I'm pursuing a computing PhD at the Scientific Computing and Imaging Institute (SCI) at the University of Utah under Dr. Shireen Elhabian's advisement. I joined SCI after working in machine learning and speech science for telephone transcription at CaptionCall. Before that, I earned my BS in Mathematics from Westminster College where I also minored in Physics and Computer Science and earned an honors certificate.
My research involves quantifying uncertainty in deep learning models for medical image analysis. I am interested in Bayesian and statistical methods for shape modeling from volumetric images. I focus on medical applications such as pathology detection and diagnosis in orthopedic, neuroscience, and cardiac research.
I recently completed an internship with the Machine Learning and Instrument Autonomy group at the NASA Jet Propulsion Lab. In this project I applied Bayesian deep learning techniques for an application in cosmology, Cosmic Microwave Background (CMB) recovery.
In my free time, I tend to my garden with my husband and dog. We also enjoy art, skiing, backpacking, and river rafting.Recent News:
- My journal article "Learning Spatiotemporal Statistical Shape Models for Nonlinear Dynamic Anatomies" was accepted for publication in the Frontiers in Bioengineering and Biotechnology Biomechanics.
- Accepted to participate in the AAAI 2023 Doctoral Consortium.

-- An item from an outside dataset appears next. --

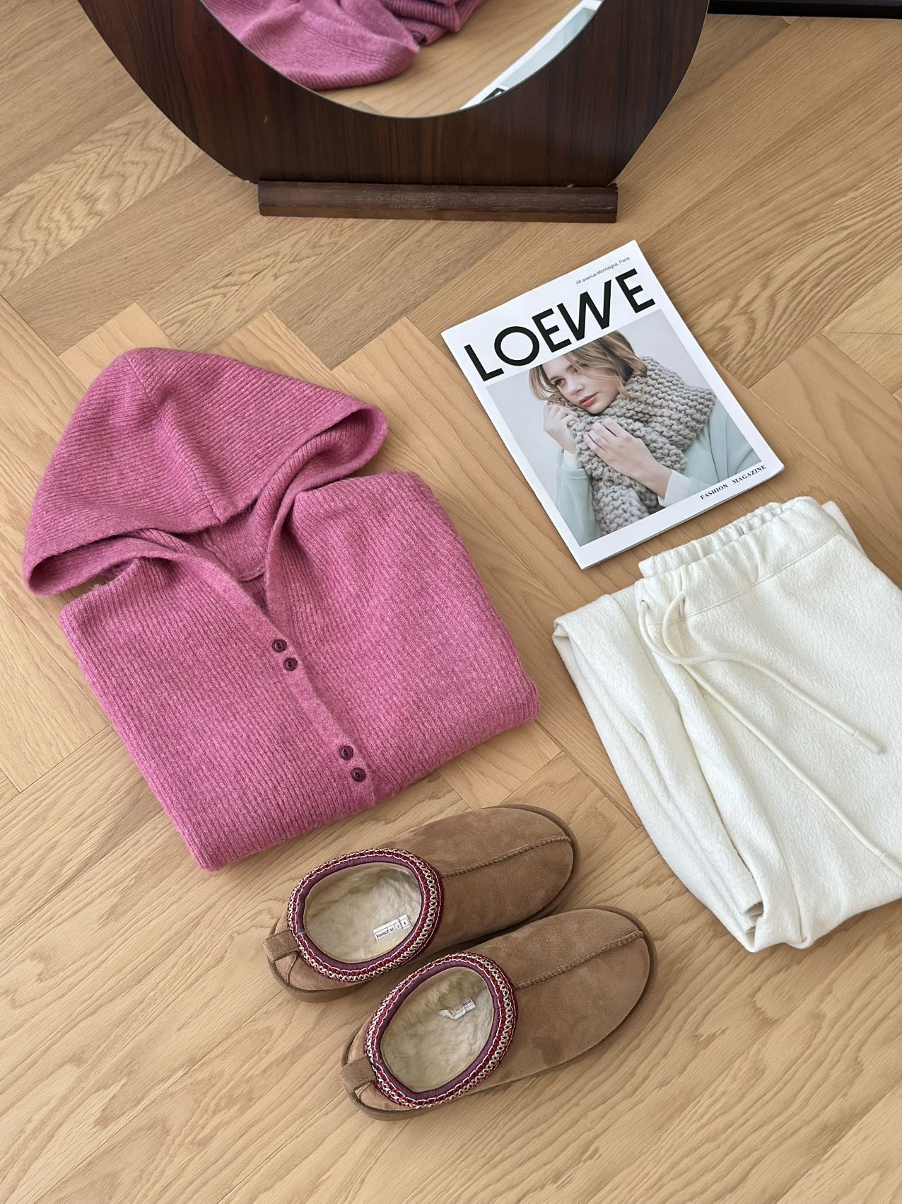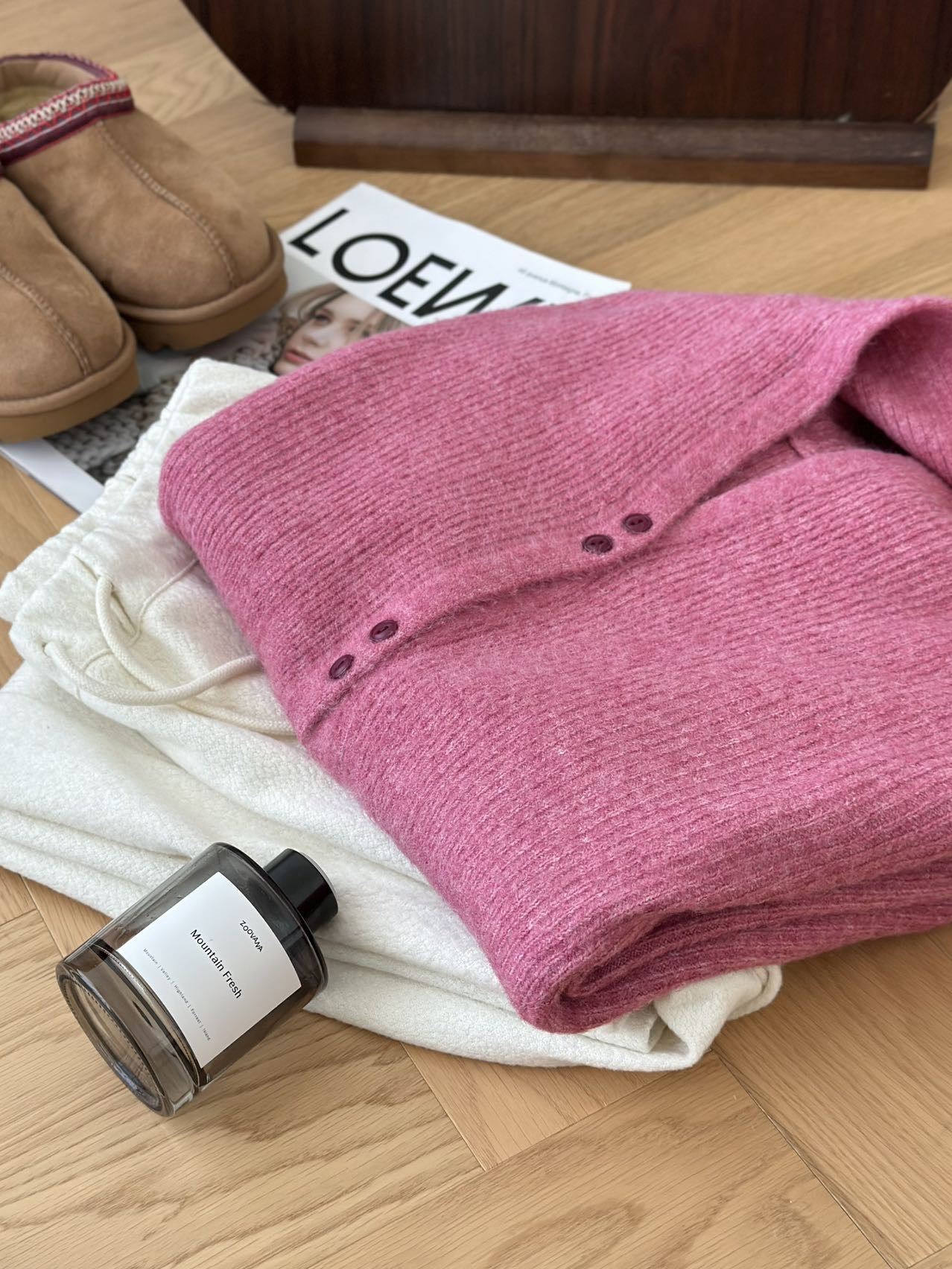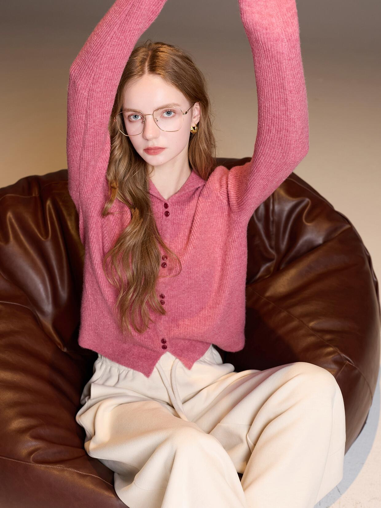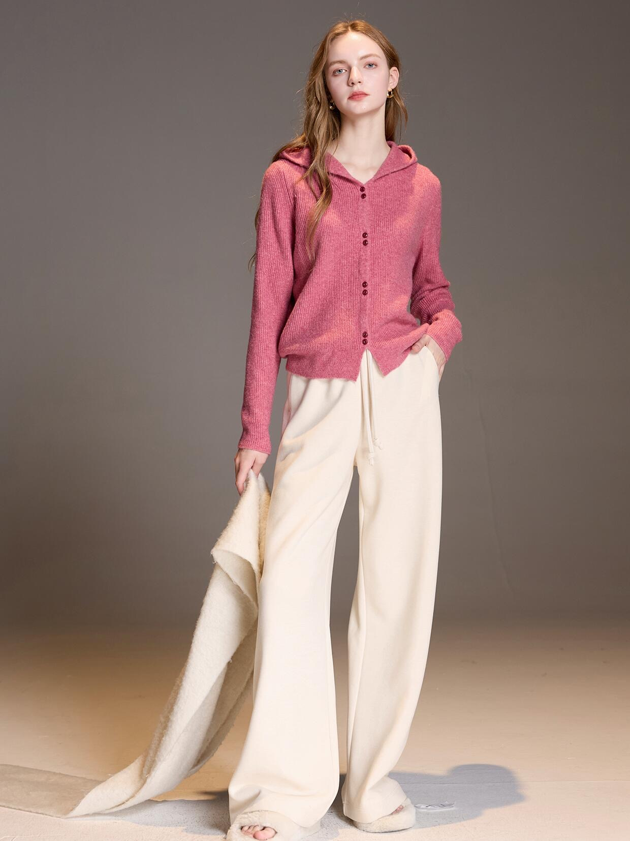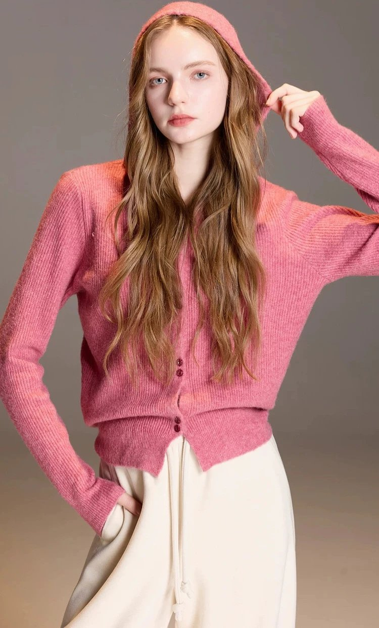 【CosAcosB 显白树莓粉连帽双扣羊毛开衫-JS3699123】显白色系 材质舒适亲肤

- My paper "Cosmic Microwave Background Recovery: A Graph-Based Bayesian Convolutional Network Approach" was accepted to the Conference on Innovative Applications of Artificial Intelligence (IAAI), part of AAAI 2023.
- I won the "Best Oral Presentation" award for my paper "Spatiotemporal Cardiac Statistical Shape Modeling: A Data-Driven Approach" at the MICCAI Statistical Atlases and Computational Modeling of the Heart (STACOM) workshop, 2022.
- My paper "From Images to Probabilistic Anatomical Shapes: A Deep Variational Bottleneck Approach" was early accepted at the International Conference on Medical Image Computing and Computer Assisted Intervention (MICCAI), 2022.